• _Required work_: If a record contains a picture, skip the picture and transcribe the rest exactly.

(Dataset content Opens)

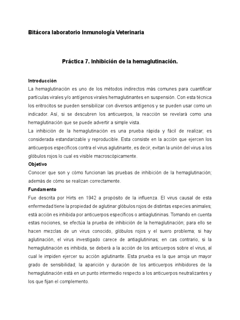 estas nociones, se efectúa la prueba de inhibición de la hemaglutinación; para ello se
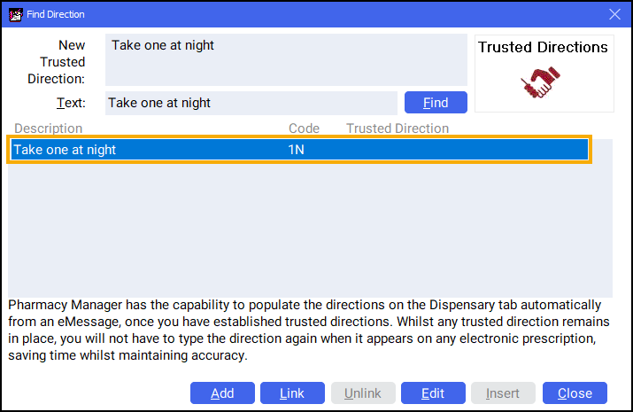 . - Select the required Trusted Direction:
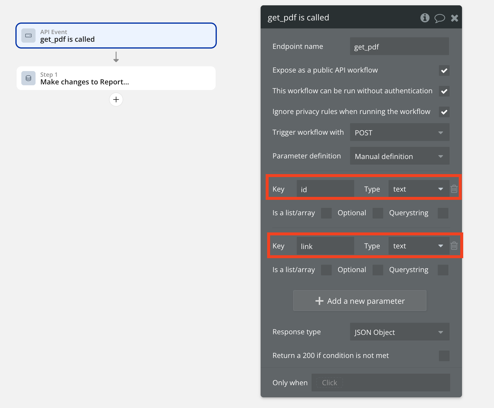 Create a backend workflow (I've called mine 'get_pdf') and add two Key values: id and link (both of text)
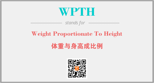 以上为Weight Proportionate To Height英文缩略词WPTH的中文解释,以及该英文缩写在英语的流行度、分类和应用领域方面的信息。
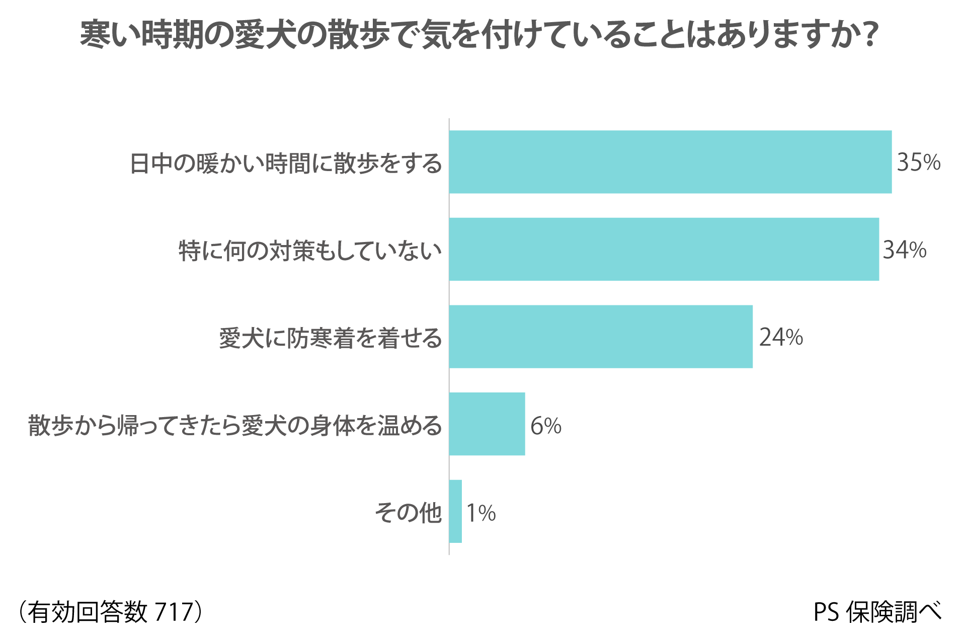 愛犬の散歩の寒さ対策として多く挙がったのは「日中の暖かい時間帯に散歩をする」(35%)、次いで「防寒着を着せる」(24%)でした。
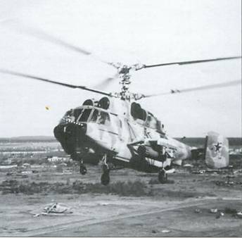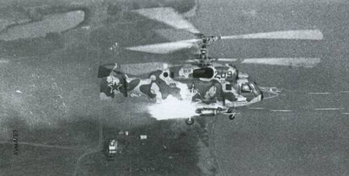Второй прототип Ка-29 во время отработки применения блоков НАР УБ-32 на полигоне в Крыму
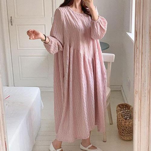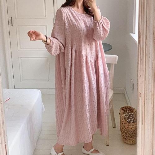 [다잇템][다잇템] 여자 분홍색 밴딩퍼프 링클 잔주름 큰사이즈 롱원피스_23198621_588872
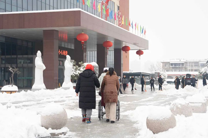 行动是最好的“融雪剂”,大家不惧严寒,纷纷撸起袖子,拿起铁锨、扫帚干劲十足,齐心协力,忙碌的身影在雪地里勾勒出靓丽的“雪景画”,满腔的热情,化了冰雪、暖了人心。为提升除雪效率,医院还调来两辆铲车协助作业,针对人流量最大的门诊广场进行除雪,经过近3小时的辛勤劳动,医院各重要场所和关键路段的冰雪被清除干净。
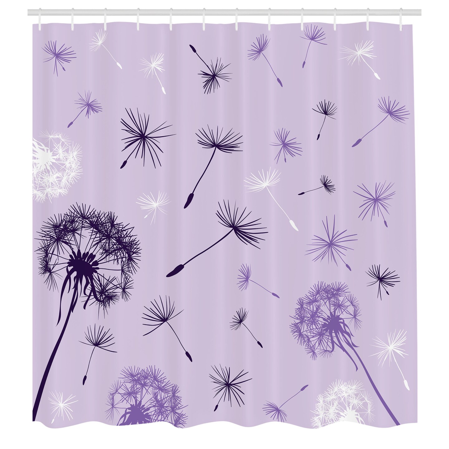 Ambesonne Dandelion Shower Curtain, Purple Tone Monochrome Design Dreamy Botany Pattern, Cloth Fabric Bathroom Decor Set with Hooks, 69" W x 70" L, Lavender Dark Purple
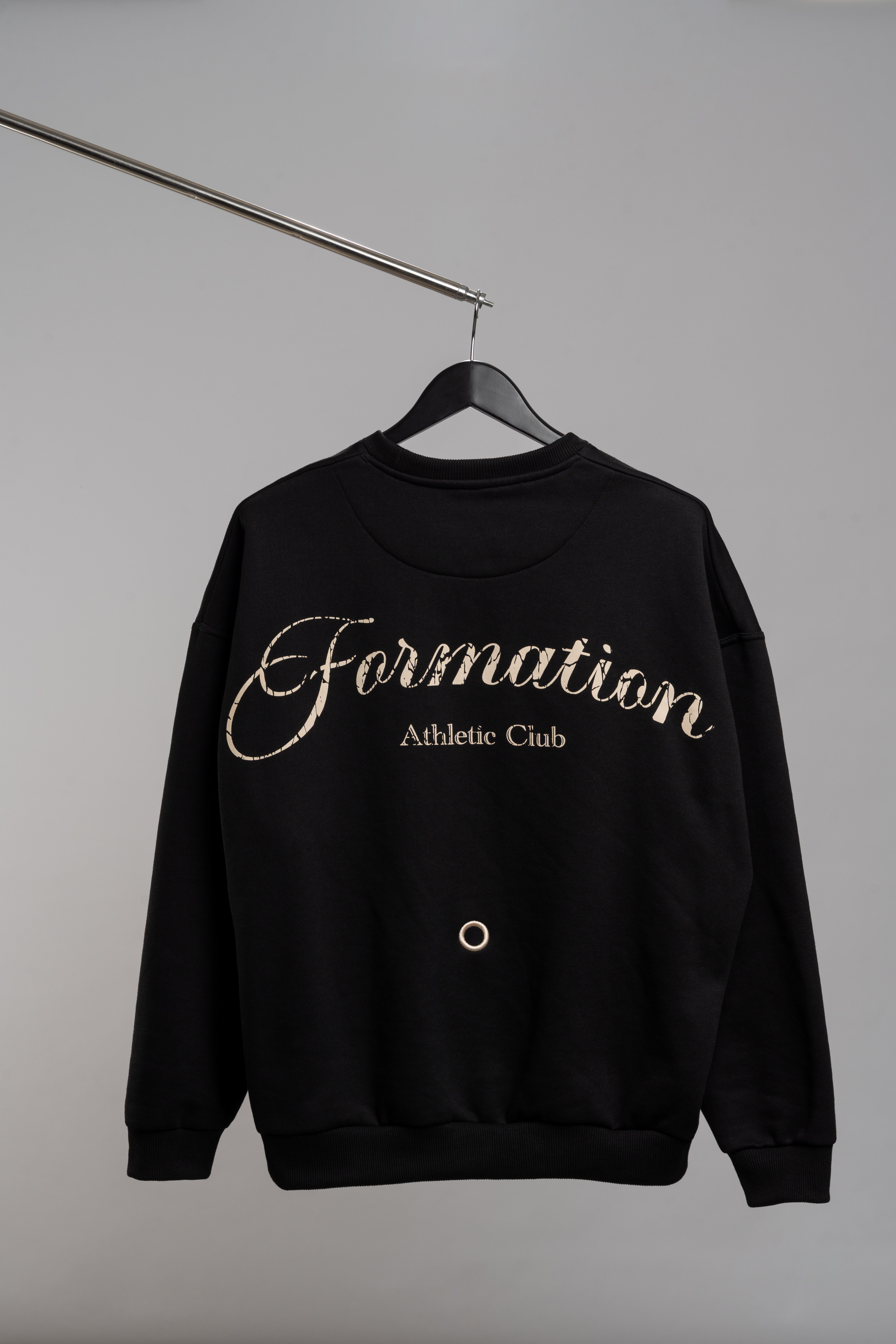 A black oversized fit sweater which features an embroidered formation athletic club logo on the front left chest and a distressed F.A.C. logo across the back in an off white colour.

(Dataset content Closes)

• _Completed task_:
 estas nociones, se efectúa la prueba de inhibición de la hemaglutinación; para ello se
 . - Select the required Trusted Direction:
 Create a backend workflow (I've called mine 'get_pdf') and add two Key values: id and link (both of text)
 以上为Weight Proportionate To Height英文缩略词WPTH的中文解释,以及该英文缩写在英语的流行度、分类和应用领域方面的信息。
 愛犬の散歩の寒さ対策として多く挙がったのは「日中の暖かい時間帯に散歩をする」(35%)、次いで「防寒着を着せる」(24%)でした。
Второй прототип Ка-29 во время отработки применения блоков НАР УБ-32 на полигоне в Крыму
 [다잇템][다잇템] 여자 분홍색 밴딩퍼프 링클 잔주름 큰사이즈 롱원피스_23198621_588872
 行动是最好的“融雪剂”,大家不惧严寒,纷纷撸起袖子,拿起铁锨、扫帚干劲十足,齐心协力,忙碌的身影在雪地里勾勒出靓丽的“雪景画”,满腔的热情,化了冰雪、暖了人心。为提升除雪效率,医院还调来两辆铲车协助作业,针对人流量最大的门诊广场进行除雪,经过近3小时的辛勤劳动,医院各重要场所和关键路段的冰雪被清除干净。
 Ambesonne Dandelion Shower Curtain, Purple Tone Monochrome Design Dreamy Botany Pattern, Cloth Fabric Bathroom Decor Set with Hooks, 69" W x 70" L, Lavender Dark Purple
 A black oversized fit sweater which features an embroidered formation athletic club logo on the front left chest and a distressed F.A.C. logo across the back in an off white colour.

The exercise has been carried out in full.